The second-grade teachers noticed the sign first. They're used to getting gifts from their eight-year-old students, especially at Christmas, and thought nothing of signing up for three of each variety.
Next, the eighth-grade teachers spied the offer. After years of working with crafty 13-year-olds, they were understandably suspicious. There had to be some sort of catch. They sought me out and quizzed me about the freebies. I assured them that it was just an appreciative gesture. Satisfied, they signed up for two of each type.
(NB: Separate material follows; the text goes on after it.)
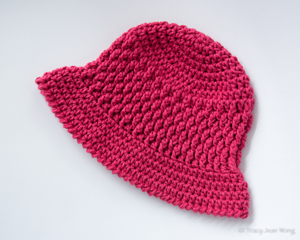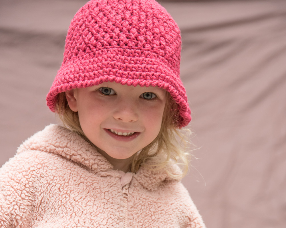 I chose to use a bright pink wool to crochet the girl’s brimmed Brickwork Hat. Pink is her favourite colour and she has many matching dresses, T-shirts, and hoodies in the same colour. A well-chosen chapeau can complete the look of an outfit at any age.

Word spread like wildfire, and just about every school employee, including the nurse, signed up for a few free plants. The janitor, who had signed up for nine plants, caught me in the hall and thanked me profusely. And from then on, my classroom was always immaculate.
In all, I grew 200 tomato plants in cell packs. Just before Memorial Day, I distributed them with a friendly "good luck" and "plant them deep." Everyone enthusiastically accepted the stocky, dark green plants that held the promise of bumper crops throughout the county. When he discovered I was giving away 200 plants for free, the seventh-grade math teacher did inform me that, at 50 cents a plant, I could easily be making $100. I just smiled.
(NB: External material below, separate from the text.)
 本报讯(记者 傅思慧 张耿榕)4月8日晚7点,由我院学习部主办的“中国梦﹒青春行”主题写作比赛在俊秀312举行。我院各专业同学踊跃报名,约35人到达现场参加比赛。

Two weeks into June, school ended for another year. July and August were blisteringly hot with a lot of haze and humidity and temperatures topping 90° F for weeks on end. Occasionally, thunderstorms ripped through the afternoon calm and temporarily cooled things off. Before I knew it, though, there was a crispness in the air, and it was Labor Day. School was starting again.
The second-grade teachers met me at the gym door. "George, your tomato plants produced bountifully," they gushed. "Try some of the spaghetti sauce we made from the fruit." They each handed me a quart.
"I let the vines spread on black plastic and they did wonderfully," one eighth-grade teacher reported. "My wife's making tomato marmalade -- I'll save you a jar."
In the hall, I met the janitor, mop in hand. "Hornworms got one of the plants, but the other eight did great. I got baskets of ripe tomatoes." "Here," he said, reaching into a canvas backpack, "try a loaf of my wife's tomato bread." The seventh-grade math teacher pulled me aside and raved that he had harvested 200 fruits from one plant -- and put up 25 quarts of crushed tomatoes, saving him at least $30 at the grocery store.
In the weeks that followed, I carried home a feast of homemade goodies: tomato sauce, tomato jam, tomato soup, chili sauce, aspic, ratatouille, marinated tomatoes, salsa, stewed tomatoes and pizza sauce -- all made from the fruits of the free plants. I got to sample so many different dishes, but the good feeling I harbored was worth more than all the gifts combined. It made me realize that there is, indeed, a "free lunch," and it's delicious, too.